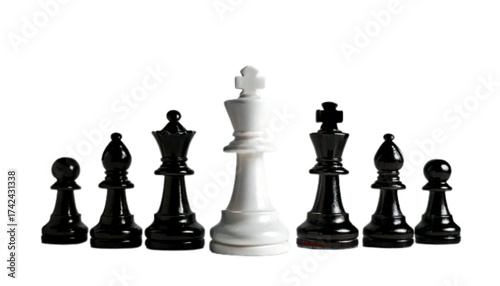Set of Three Conceptual White King Chess Piece Arrangements, isolated on transparent background PNG
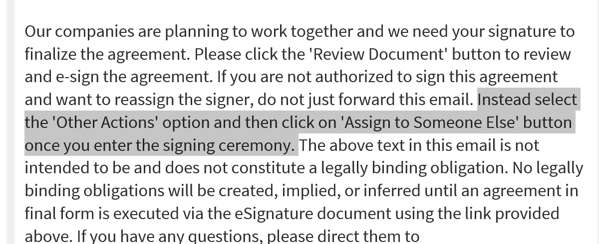 We need to know how we can change the wording (default) in the email that is sent to clients to sign documents OR how to open a support ticket. The wording in the default email is inaccurate. The wording in the email says: "Instead select the 'Other Actions' option and then click on the 'Assign to Someone Else' button once you enter the signing ceremony." The 'Other Actions' option does not exist. The 'Assign to Someone Else' button does not exist as written. There is an Option drop down menu and in that menu, there is a 'Delegate signing to another' option. We would like the wording in the default email changed to reflect reality, or instructions on how to change the default wording. Here are screen shots of what our clients are seeing.
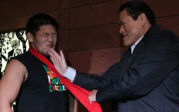 ☆ボクシング・亀田和毅 10年「Dynamite!!」に登場し闘魂ビンタを受けた。翌年2月の王座決定戦(メキシコ)に勝ちNABF北米バンタム級王座を獲得。5つ目のタイトルを手にした。

# # # #

Pictures are to be excluded; all other material must be transcribed exactly.

- **TASK OUTPUT**
Set of Three Conceptual White King Chess Piece Arrangements, isolated on transparent background PNG
 We need to know how we can change the wording (default) in the email that is sent to clients to sign documents OR how to open a support ticket. The wording in the default email is inaccurate. The wording in the email says: "Instead select the 'Other Actions' option and then click on the 'Assign to Someone Else' button once you enter the signing ceremony." The 'Other Actions' option does not exist. The 'Assign to Someone Else' button does not exist as written. There is an Option drop down menu and in that menu, there is a 'Delegate signing to another' option. We would like the wording in the default email changed to reflect reality, or instructions on how to change the default wording. Here are screen shots of what our clients are seeing.
 ☆ボクシング・亀田和毅 10年「Dynamite!!」に登場し闘魂ビンタを受けた。翌年2月の王座決定戦(メキシコ)に勝ちNABF北米バンタム級王座を獲得。5つ目のタイトルを手にした。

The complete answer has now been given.